My goal was and still is to make your life better, easier. Don’t make me resent you over silly things.

RESPECT ME IF YOU WANT ME TO RESPECT YOU

It is funny to me how you try to cut my paid hours for at least 30 minutes every single week. If my 12$ will make a change in your budget, then you can have it, but don’t think of me as stupid for not mentioning it. It is just ridiculous to me. I am an adult with my own family and plans, you can’t ask me to work 13h day and then not pay overtime, or even better – give me only 10 days of vacation that you pay me less than promised and you tell me when am I allowed to take it. Also, when I come 5 minutes early so we can discuss day and talk little bit so you don’t have to be late for work, and two of you leave to garage to maintain conversation for 20 minutes with barely saying hi to me- not okay!

THERE IS NO NEED FOR NANNY CAM IN THE BATHROOM

Nothing left to say. If you hired me, checked my references, if you believed I was capable enough to take care of your child, then why need for cameras? I can’t relax in your house and I spend every single moment hiding in a corner that camera doesn’t reach.
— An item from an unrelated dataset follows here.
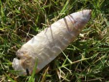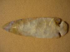 This Flint Ridge Dovetail was knapped by Roy Miller. His Flint Ridge Dovetails are the most popular and sought after on the market. Nice piece with an excellent base on it. Knapped Mar, 2007. |

Check my post on this topic here

COMMUNICATE

I know you like your privacy and you made it very clear there are boundaries, but when you don’t tell me when kid’s birthday is – that is messed up!

I don’t need to know about you, and your plans, your life, but I spend 10 hours a day in your home with your child. If you don’t remember to send me text on Christmas Day or tell me how was her sleeping schedule over weekend, so I can prepare, how can you expect me to enjoy my job and do it properly?

Or you don’t care do I like it, as long as I am never late? Which btw that one and only time I was late for 5 minutes, is nothing comparing to your every single day coming later than what I’ve been told.

DON’T HAVE DOUBLE STANDARDS FOR CHILD’S DAILY ROUTINE

I have so many problems with this. If you force me to potty train her (read my experience on this link)  when she is not ready, and I manage to do it, why don’t you follow up? Why is she in diaper as soon as I leave the house, but every morning you tell me again to reinforce it?

If I need to force her to take a nap every day, why do you give in on her crying and don’t even try? That is the reason why she is that way with you, because she can. If I am not allowed to have TV time with her, how come you give her movies every weekend? I would be ok with all the rules if you followed too, or I would be ok with this if you didn’t have chore list for me to obey to. The way you treat me when I try to share my tips and ways how I get her to do things, makes me feel humiliated. Saying you don’t need my advice, you just need me to what you told me to, is not ok.

YOUR KID IS NOT INCONVENIENCE

This adds up to several previous issues. Taking several vacations in a year and not bringing her with on any of them, waking her up at 6 am because you wanted to go to Farmers Market first thing in the morning and many other ways you expressed and showed that it is pain in the ass to have her with, makes me really sad.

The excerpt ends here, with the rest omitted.